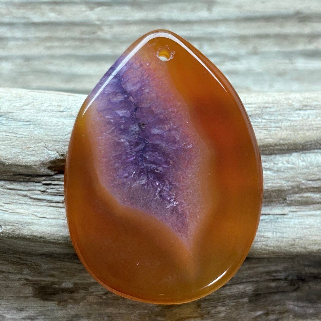 細かい結晶群(ドゥルージー)をバランスよく残してカット・研磨され、天然石の模様を生かした美しいデザインのアゲートです。
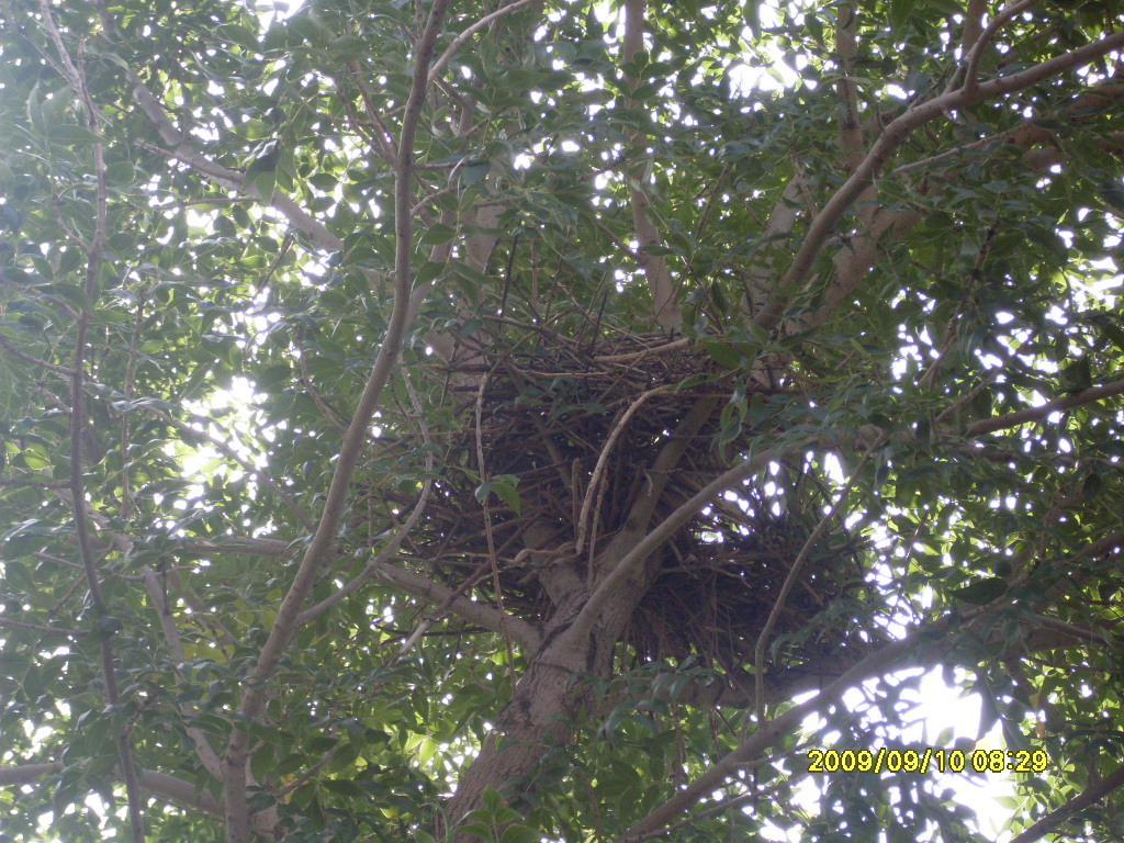 远处的这棵树上有一个鸟窝,这个窝是喜鹊窝。谁看了这个情景都会禁不住问起来:为什么这个喜鹊窝建的这么高?是呀!如果不是因为人类,喜鹊会躲得这么厉害吗?人类啊!请不要再让鸟儿这么提心吊胆了,好吗?
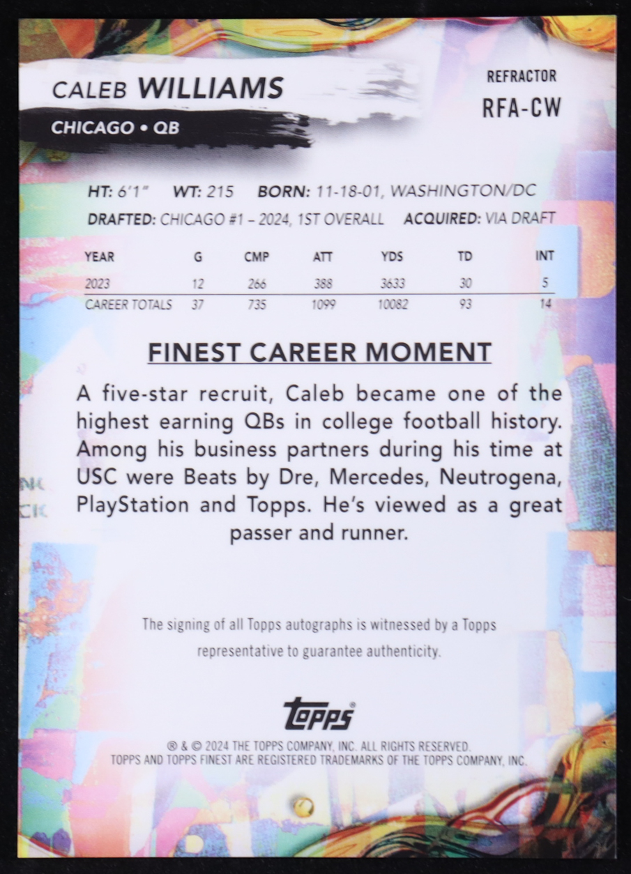 Caleb Williams 2024 Finest Rookie Autographs Refractors #RFACW RC
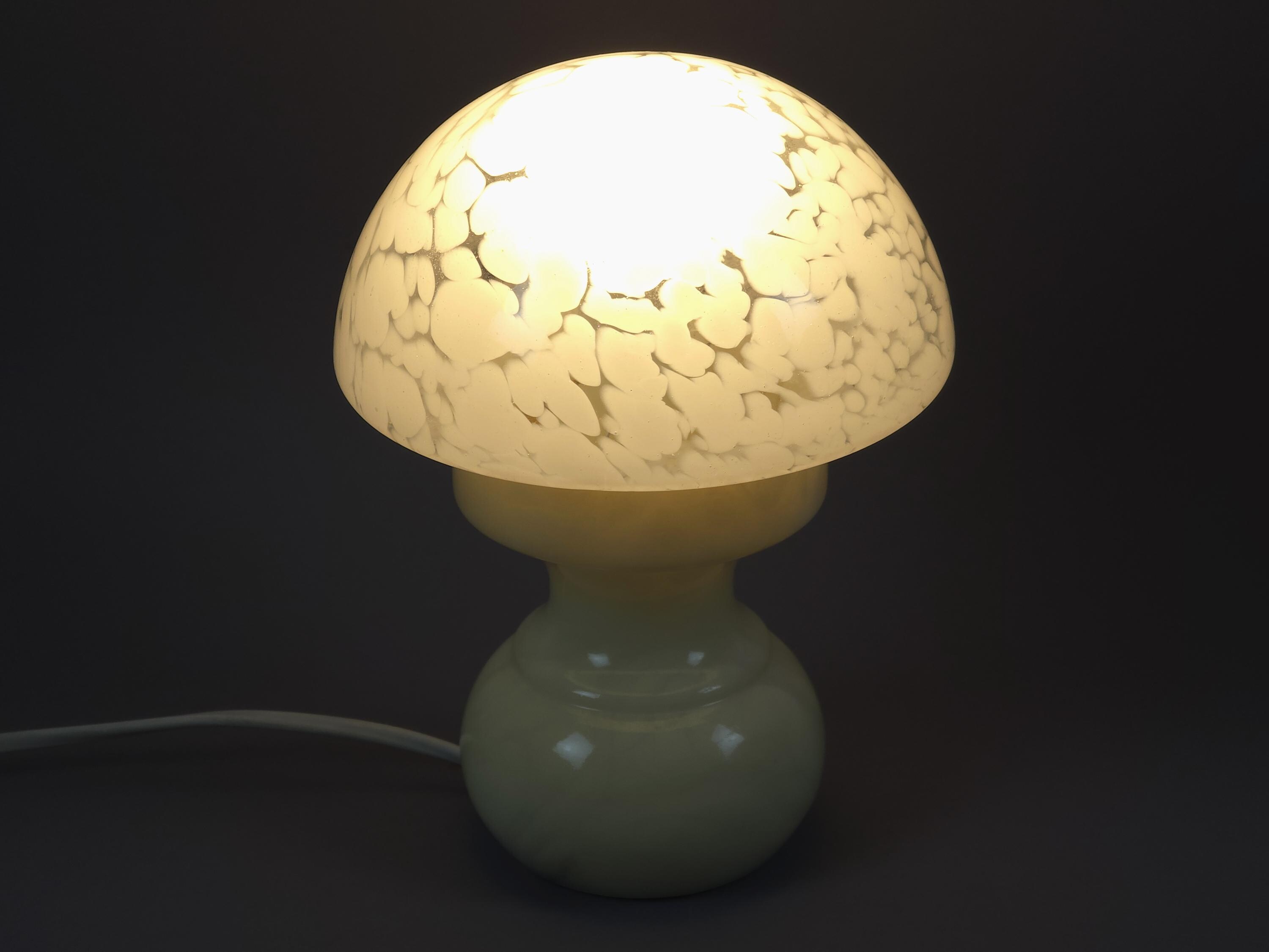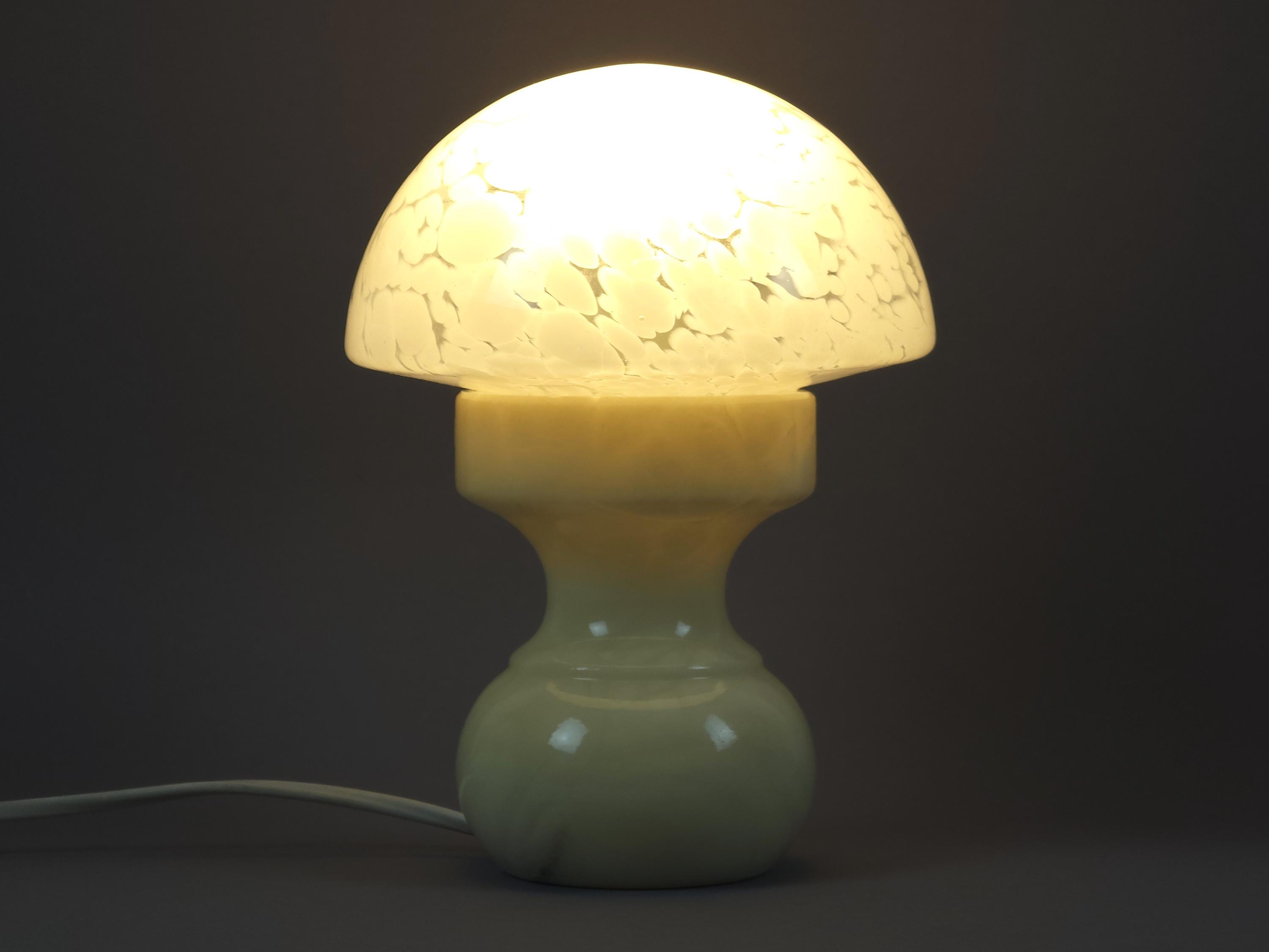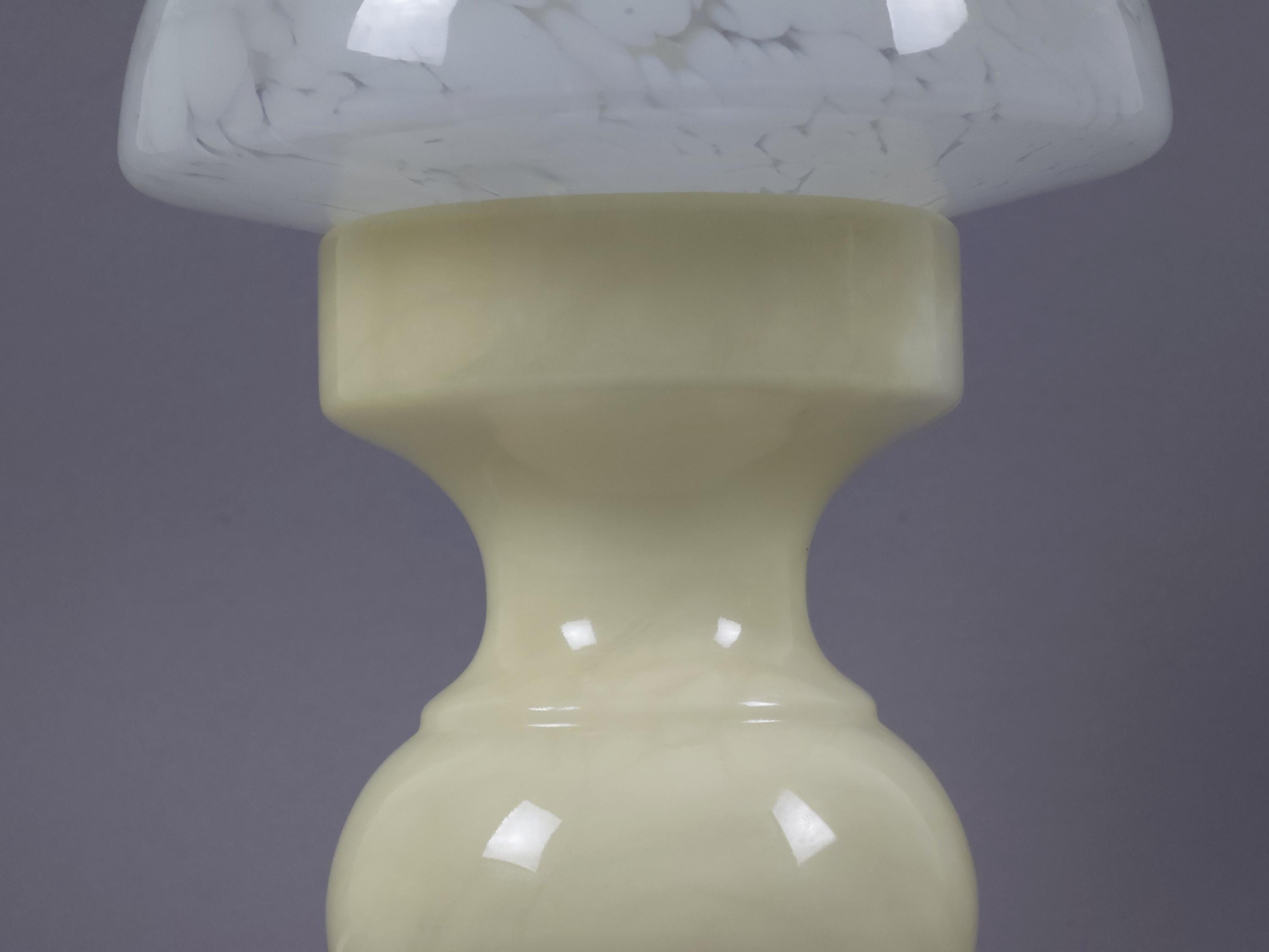 Vintage 1960s Reijmyre Armaturfabrik (RAF) Mushroom Lamp • Swedish Mottled Glass & Marble Base.
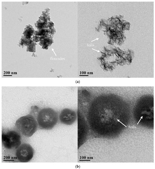 TEM results on groups 2, 10, and 15 are shown in Figure 6. Both group 2 and group 15 showed flocculent structures with different sizes of particles formed by foil agglomeration (Figure 6a,c), which was similar to the floc observed in the SEM images (Figure 5). The large difference in the size of the flocculent aggregates could be due to an uneven dispersion of the particles. In contrast, group 10 showed regular spheres connected in chains (Figure 6b). The size of the spherical particles is relatively uniform. Moreover, foils were identified at the center of the spheres, indicating that these spherical particles were probably formed by the agglomeration of foils, which were found in groups 2 and 15. The difference in the morphology between group 10 and other groups could be attributed to the varied mode of agglomeration of particles. Plank et al. [25] also reported the phenomenon of spheres transforming into nanofoils for synthetic C-S-H.
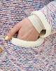 配色のパイピングディテールやブランドオリジナルのエンブレムボタンでほど良くアクセントをつけています。
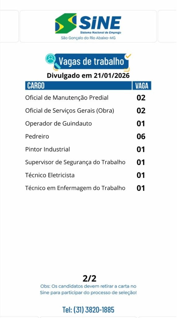 Muitas vagas de emprego para hoje, quarta-feira (21/01) no SINE São Gonçalo do Rio Abaixo (@boa sorte)
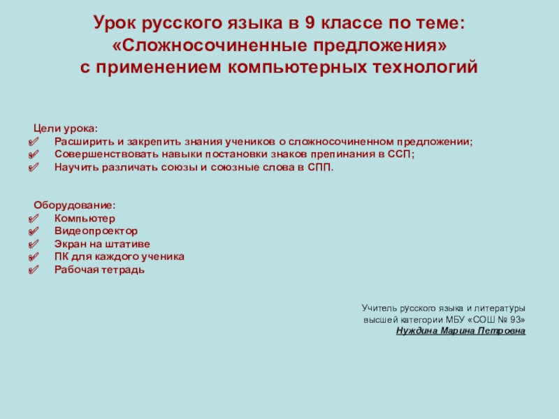 Расширить и закрепить знания учеников о сложносочиненном предложении;
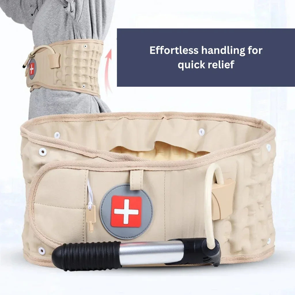 Using the Orthogurt is simple: wrap it around your waist, secure it, and inflate it with the hand pump.
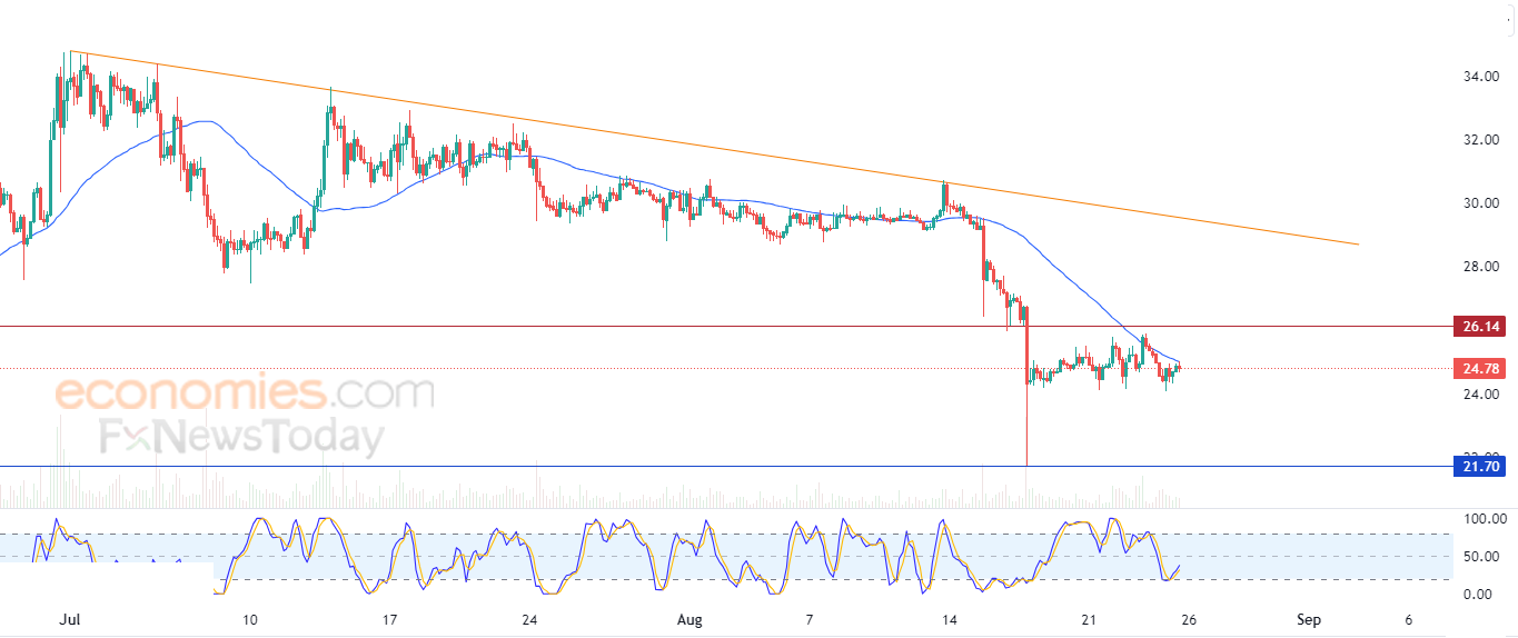 لذلك تشير توقعاتنا إلى انخفاض الزوج خلال تداولاته القادمة، طيلة استقراره دون مستوى المقاومة 26.14، ليستهدف مستوى الدعم 21.70.
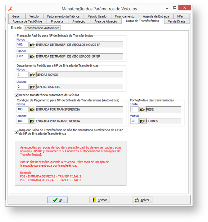 Atenção: Para as concessionárias que utilizam a transferência automática de veículos as referências de CFOP sempre serão validadas independentemente deste campo estiver marcado ou não.
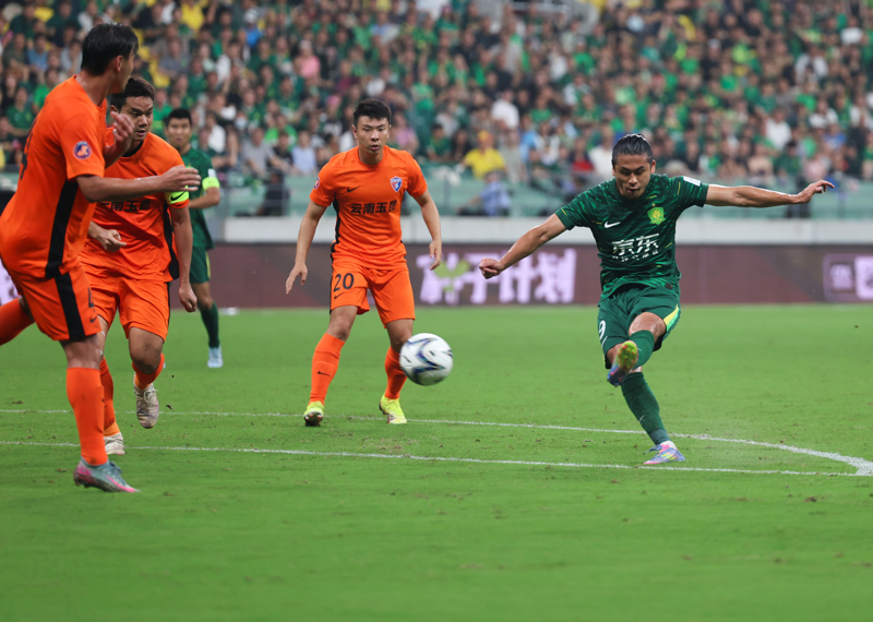8月20日,北京国安队球员张玉宁(右一)在比赛中射门。\n 当日,在北京举行的2025中国足球协会杯半决赛中,北京国安队主场7比0治服云南玉昆队,晋级决赛。\n 新华社记者 胡星宇 摄
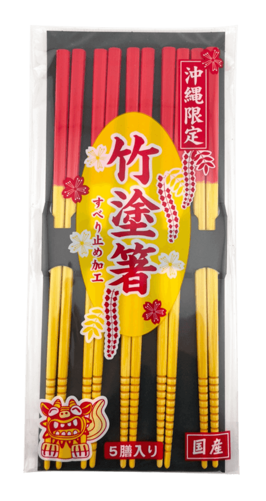 【竹塗箸 赤黄箸 (うめーし) 滑り止め付 5膳入】3袋で送料込 日本製 定食屋さんや沖縄そば屋さんでおなじみ
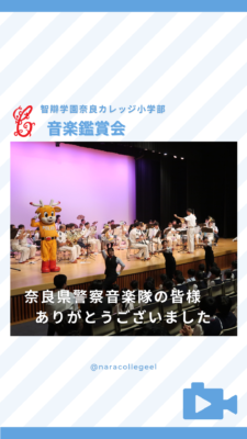 行事 721.奈良県警察音楽隊音楽鑑賞会 2024年10月17日 2024年10月17日 交通安全教室の後は、奈良県警察音楽隊の演奏を鑑賞しました。児童たちに人気の曲をたくさん演奏してくださいました。手拍子をしたり、踊ったりしながらみんな楽しそうに聞いていました。 ※この記事の動画はInstagramにてご視聴いただけます。上の画像をクリックしてください。

WHAT THE EXERCISE ASKS
Begin at the line in the entries above that has "远处的这棵树上有一个鸟窝,这", stop after the line that has "Using the Orthogurt", and output exactly those lines without pictures.

ANSWER TO THE EXERCISE
 远处的这棵树上有一个鸟窝,这个窝是喜鹊窝。谁看了这个情景都会禁不住问起来:为什么这个喜鹊窝建的这么高?是呀!如果不是因为人类,喜鹊会躲得这么厉害吗?人类啊!请不要再让鸟儿这么提心吊胆了,好吗?
 Caleb Williams 2024 Finest Rookie Autographs Refractors #RFACW RC
 Vintage 1960s Reijmyre Armaturfabrik (RAF) Mushroom Lamp • Swedish Mottled Glass & Marble Base.
 TEM results on groups 2, 10, and 15 are shown in Figure 6. Both group 2 and group 15 showed flocculent structures with different sizes of particles formed by foil agglomeration (Figure 6a,c), which was similar to the floc observed in the SEM images (Figure 5). The large difference in the size of the flocculent aggregates could be due to an uneven dispersion of the particles. In contrast, group 10 showed regular spheres connected in chains (Figure 6b). The size of the spherical particles is relatively uniform. Moreover, foils were identified at the center of the spheres, indicating that these spherical particles were probably formed by the agglomeration of foils, which were found in groups 2 and 15. The difference in the morphology between group 10 and other groups could be attributed to the varied mode of agglomeration of particles. Plank et al. [25] also reported the phenomenon of spheres transforming into nanofoils for synthetic C-S-H.
 配色のパイピングディテールやブランドオリジナルのエンブレムボタンでほど良くアクセントをつけています。
 Muitas vagas de emprego para hoje, quarta-feira (21/01) no SINE São Gonçalo do Rio Abaixo (@boa sorte)
 Расширить и закрепить знания учеников о сложносочиненном предложении;
 Using the Orthogurt is simple: wrap it around your waist, secure it, and inflate it with the hand pump.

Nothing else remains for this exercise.